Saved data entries
•••

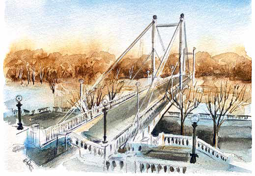 Текст: Анна Масленникова. Иллюстрации: Ксения Онуфриевич Среди степей Южного Урала стоит старинный Оренбург, основанный как город-крепость в 1743 году. Он известен пуховыми платками, тем, что почти полгода его осаждало войско Емельяна Пугачева, но он так и не сдался, а еще здесь бывали Василий Жуковский и Александр Пушкин, учились Мстислав Ростропович и Юрий Гагарин. ДОРОГА: Из Москвы до Оренбурга можно добраться фирменным двухэтажным поездом «Оренбуржье» № 032 Москва — Орск. Перейти границу. Пешеходный мост через реку Урал — одна из визитных карточек города. Эта переправа символично соединяет Европу и Азию, о чем свидетельствуют стелы, установленные на месте, где условно сходятся две части света. С «европейской» стороны к мосту ведет парадная лестница, построенная в 1950-е годы в стиле сталинский ампир, а на «азиатской» находится парк «Зауральная роща». Изучить архитектуру. Советская — главная туристическая улица города. Во время прогулки по ней можно увидеть Гостиный двор, здания го
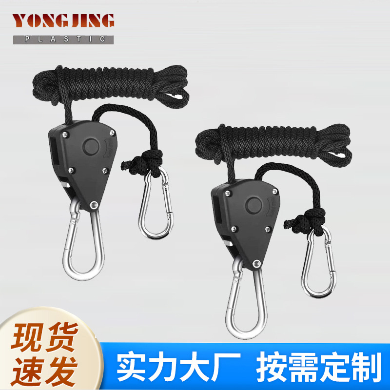 多种用途:可用作成长灯挂钩、捆绳、绳钩。也可以用作帐篷绳调节滑轮。帮助您轻松完成帐篷的搭建工作。
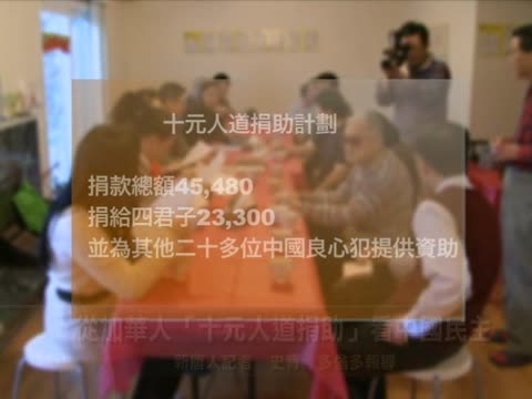 【新唐人2012年1月4日訊】2004年聖誕節,得知研究中國社會問題尤其是農村問題的「青年學會四君子」在中國大陸被判刑,加拿大的一群華人啓動了每月為他們捐款十加元的人道捐助計劃.2011年四君子全部出獄,但是捐款者都表示這份對中國良心犯和受難者家屬的支持不會停止。
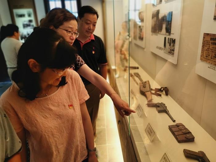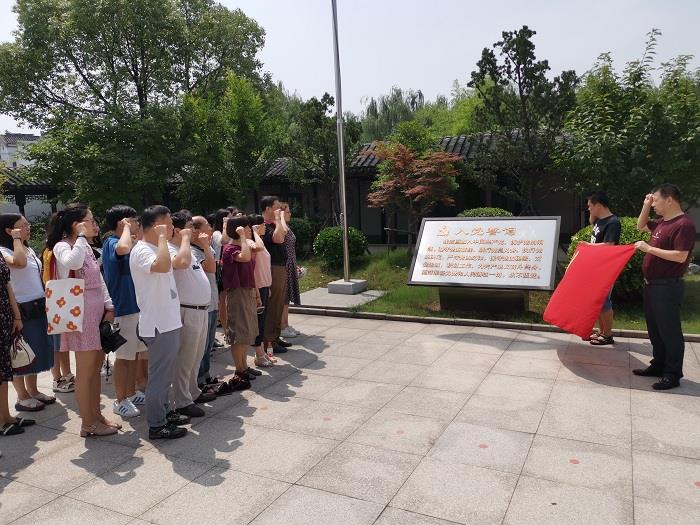 接着,全体党员参观了位于锡山区锡北镇寨门诸巷的新四军六师师部旧址纪念馆。在纪念馆工作人员的带领下,同志们参观了新四军的军用装备和生活用品,观看了影片《锡北1941》。大量的图文资料和实物展品,展示了新四军、“新江抗”在无锡的斗争历史。全体人员还在党支部书记的带领下,面对党旗进行庄严宣誓,重温入党誓词。
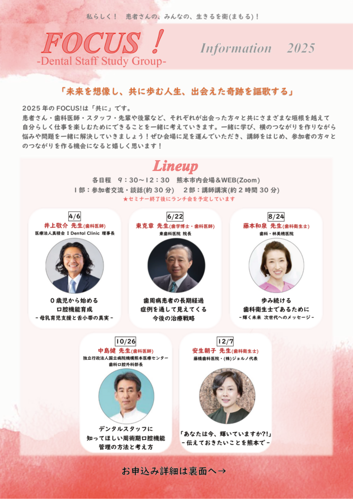 多くのデンタルスタッフと共に学びを深める2025年度の研修会のご案内をお知らせします。
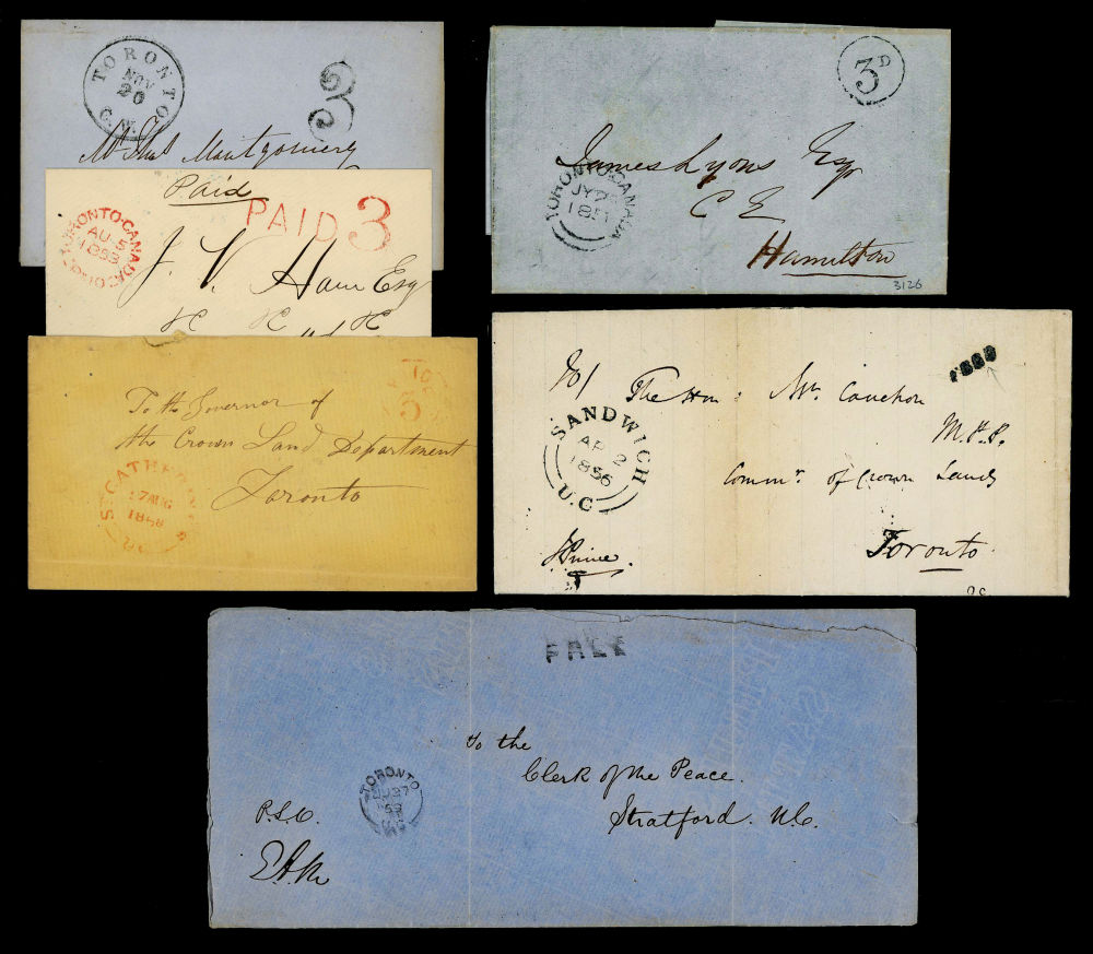 6 CANADA PENCE ISSUE STAMPLESS 1851-1859, includes 2 FREE franks including an 1856 Sandwich-UC SFL to MPP Cauchon at Toronto Crown Lands, signed J. Prince regarding land sale of a deceased property owner, also an 1859 Toronto cover to Stratford-UC signed P.S.O. and E.A.M., 4 items are 3 pence rated including an1855 Toronto SFL to Etobicoke-UC, an 1851 SFL Toronto to Hamilton, an 1853 prepaid cover to Whitby-UC, and an 1858 prepaid cover from St-Catharines-UC to Toronto, each item has a detailed lot description regarding addressees + the senders + mail route, retails over $200 US ($300 CDN), F-VF est (Image)
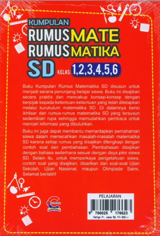 Buku Kumpulan Rumus Matematika SD disusun untuk menjadi sarana penunjang belajar siswa. Buku ini disajikan secara praktis dan mencakup konsep-konsep dengan berpijak kepada ketentuan-ketentuan yang telah ditetapkan melalui kurukulum matematika SD. Di dalamnya berisi ikhtisar dan rumus-rumus matematika SD yang tersusun sedemikian rupa sehingga memudahkan pembaca untuk mencari informasi yang dibutuhkan.
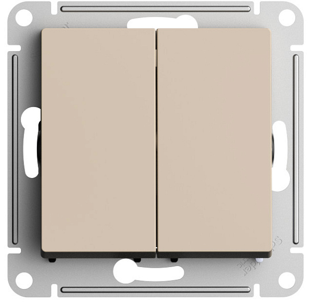Механизм Systeme Electric (ранее Schneider Electric) серии AtlasDesign в цвете песочный переключателя 2-клавишного перекрёстного подходит для сетей 250 В, на ток 10 А.
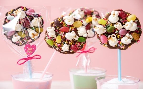 手軽な材料で写真映え抜群なロリポップチョコが完成! 小袋タイプのチョコを溶かし、即席チョコペンとして使います。ポップコーン、ゼリービーンズ、カラーシュガーなどで派手めにデコると◎。片手でも食べやすいです。しばらく飾っておいてもかわいいですね。
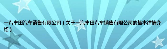 本文关于一汽丰田汽车销售有限公司的基本详情介绍就讲解完毕,希望对大家有所帮助。
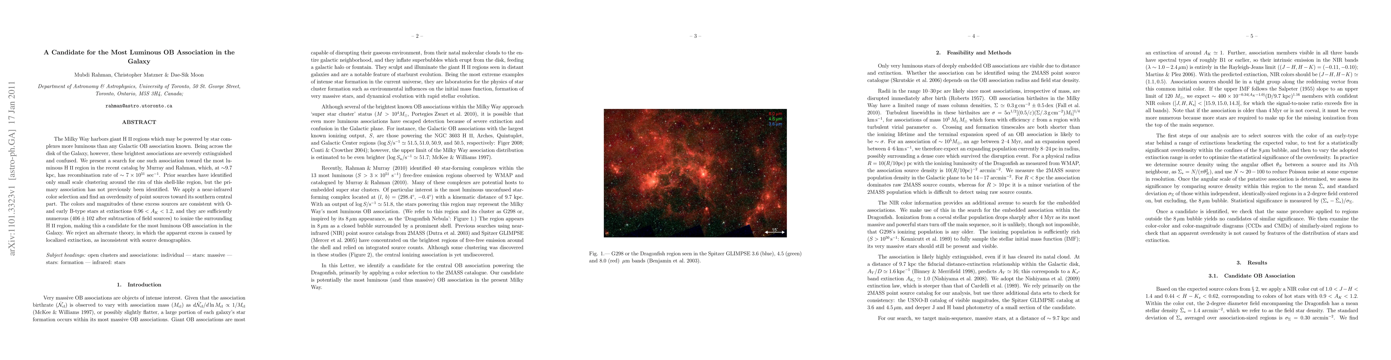 The Milky Way harbors giant H II regions which may be powered by star complexes more luminous than any Galactic OB association known. Being across the disk of the Galaxy, however, these brightest associations are severely extinguished and confused. We present a search for one such association toward the most luminous H II region in the recent catalog by Murray and Rahman, which, at ~9.7 kpc, has recombination rate of ~7x10^{51} sec$^{-1}$. Prior searches have identified only small scale clustering around the rim of this shell-like region, but the primary association has not previously been identified. We apply a near-infrared color selection and find an overdensity of point sources toward its southern central part. The colors and magnitudes of these excess sources are consistent with O- and early B-type stars at extinctions $0.96 < A_{K} < 1.2$, and they are sufficiently numerous (406 +/- 102 after subtraction of field sources) to ionize the surrounding H II region, making this a candidate for the most luminous OB association in the Galaxy. We reject an alternate theory, in which the apparent excess is caused by localized extinction, as inconsistent with source demographics.
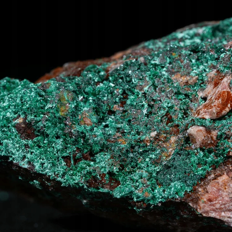 Уникальный, сырой малахит из Марокко - минерал с интенсивным, зеленым цветом и интересной, естественной структурой. Его характерная окраска и многослойная структура заставляет его выглядеть чрезвычайно декоративно, привлекая внимание как коллекционеров, так и любителей минералов.

•••

• _About this exercise_
Above are the records. Copy word for word only their lines from the one holding "Buku Kumpulan Rumus" through the one holding "本文关于一汽丰田汽车销售有限公司的基本详情介绍就讲解完毕,希望对大家有所帮助。", both included, and skip the images.

• _Exercise solution_
 Buku Kumpulan Rumus Matematika SD disusun untuk menjadi sarana penunjang belajar siswa. Buku ini disajikan secara praktis dan mencakup konsep-konsep dengan berpijak kepada ketentuan-ketentuan yang telah ditetapkan melalui kurukulum matematika SD. Di dalamnya berisi ikhtisar dan rumus-rumus matematika SD yang tersusun sedemikian rupa sehingga memudahkan pembaca untuk mencari informasi yang dibutuhkan.
Механизм Systeme Electric (ранее Schneider Electric) серии AtlasDesign в цвете песочный переключателя 2-клавишного перекрёстного подходит для сетей 250 В, на ток 10 А.
 手軽な材料で写真映え抜群なロリポップチョコが完成! 小袋タイプのチョコを溶かし、即席チョコペンとして使います。ポップコーン、ゼリービーンズ、カラーシュガーなどで派手めにデコると◎。片手でも食べやすいです。しばらく飾っておいてもかわいいですね。
 本文关于一汽丰田汽车销售有限公司的基本详情介绍就讲解完毕,希望对大家有所帮助。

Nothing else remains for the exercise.